No direction from govt to buy or stop Russian oil intake: HPCL

Amid higher US tariffs on India because of Russian oil, centre-owned Hindustan Petroleum Corp. Ltd. said that there is no direction from the government to buy or stop Russian oil intake. This comes after market speculations about state-owned oil refiners pulling back from purchases of Russian crude oil. However, chairman Vikas Kaushal said that the company is scouting for alternative crudes to protect itself if it were to stop buying Russian oil due to higher prices and sanctions. The chairman said that while there was no official directive from the government regarding the purchase of Russian oil, HPCL’s Russian oil intake in the June quarter fell to 13.2% due to narrowing discounts. “It’s not because of any geopolitical reason. It was an economic decision based on what we needed to run in our refineries,” he added. HPCL remains open to buying Russian oil if it becomes competitively priced again, he said, adding the company would be able to absorb the financial loss for not processing Russian oil as it has already cut its Russian oil processing. US President Donald Trump has announced an additional 25% duty on imports from India due to its oi business with Russia after an earlier announced 25% tariff. There are major speculations about companies including Indian Oil Corp., Bharat Petroleum Corp. and Hindustan Petroleum Corp. planning to skip spot purchases of the crude in the upcoming buying cycle, until there’s clear government guidance. Trump’s recent tariff announcements have created wide-ranging uncertainties in the Indian oil market.

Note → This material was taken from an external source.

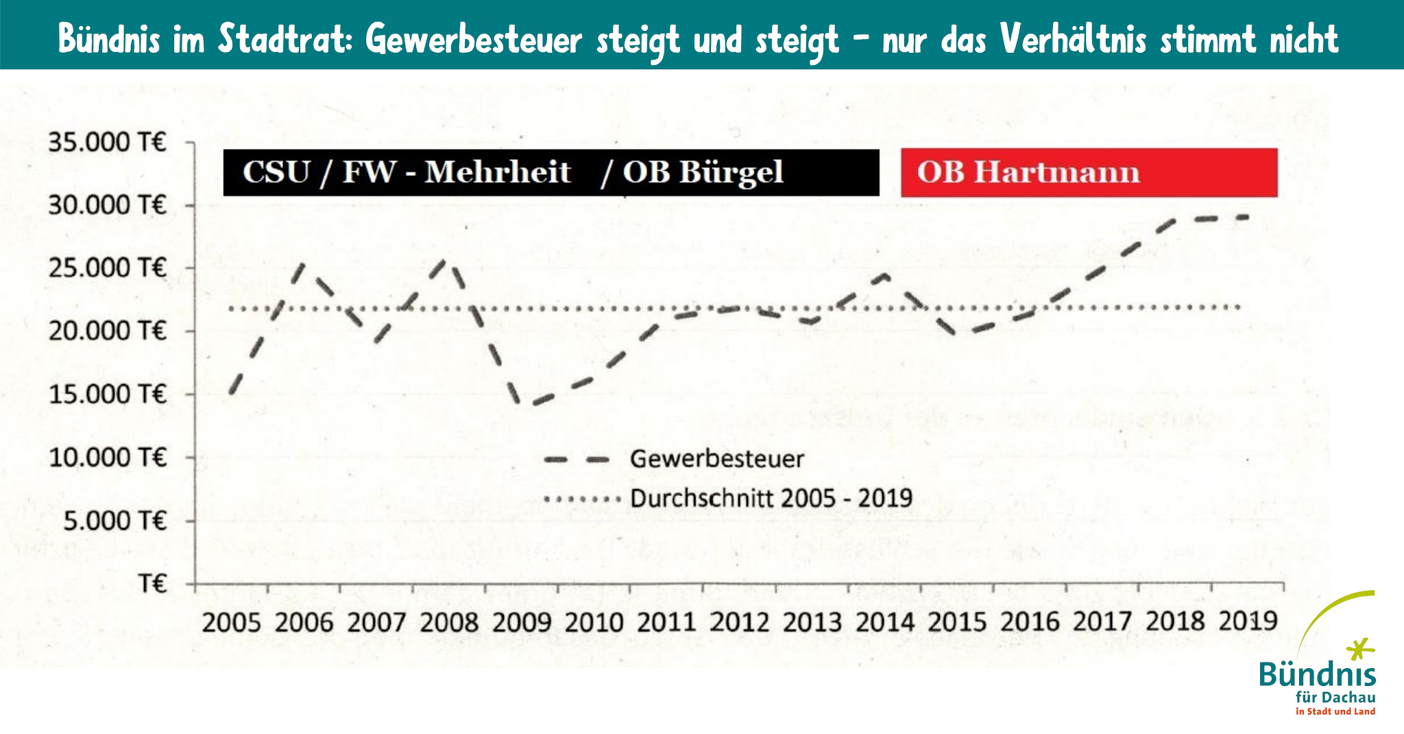 Die Einnahmen haben sich gegenüber dem Jahr 2005 fast verdoppelt. Man kann natürlich lamentieren die Kurve sei nicht steil genug. Man kann auch lamentieren, in 2021 und in den Folgejahren wird es wegen der Pandemie zu Gewerbesteuereinbrüchen kommen. Aber dem OB kann man die Verantwortung für die Pandemie nicht auch noch zuschieben.

India’s fuel bill may rise by $9 bn in FY26 and $12 bn in FY27, if it stops Russian oil imports: SBI

India’s crude oil import bill could increase by USD 9 billion to USD 12 billion, if the country stops buying Russian crude oil, according to a report by the State Bank of India (SBI). The report noted that if India halted oil imports from Russia for the rest of FY26, the fuel bill might increase by USD 9 billion in FY26 and USD 11.7 billion in FY27 due to increase in prices. SBI stated “if India stopped oil imports from Russia during the rest of FY26, then India’s fuel bill might increase by only USD 9 billion”. Russia currently accounts for 10 per cent of the global crude supply. If all countries stopped buying from Russia, crude oil prices could rise by around 10 per cent, provided no other countries increase their production. India substantially increased purchasing of Russian oil since 2022, which was sold at a discount, capped at USD 60 per barrel, to ensure energy security after Western nations imposed sanctions on Moscow and avoided its supplies following the invasion of Ukraine. As a result, Russia’s share in India’s total oil imports surged from just 1.7 per cent in FY20 to 35.1 per cent in FY25, making Russia India’s largest oil supplier. In volume terms, India imported 88 million metric tonnes (MMT) of crude from Russia in FY25, out of its total oil imports of 245 MMT. Before the Ukraine war, Iraq was India’s top crude supplier, followed by Saudi Arabia and the United Arab Emirates (UAE). Indian refiners generally source oil from Middle Eastern producers through annual contracts, which allow flexibility to request additional supplies each month. Since the imposition of sanctions on Russia, refiners have also turned to crude suppliers in the United States, West Africa, and Azerbaijan. India has further diversified its oil sources to about 40 countries. New supply options have emerged from Guyana, Brazil, and Canada, adding to the country’s energy security. If Russian supplies were cut off, India could shift back to its traditional Middle Eastern suppliers under existing annual deals, ensuring flexibility in meeting its import needs. The SBI report highlighted that while the potential increase in the import bill is significant, India’s diversified supply network and established contracts with other oil-producing nations may help cushion the impact. However, a rise in global crude prices due to reduced Russian exports would still put upward pressure on costs.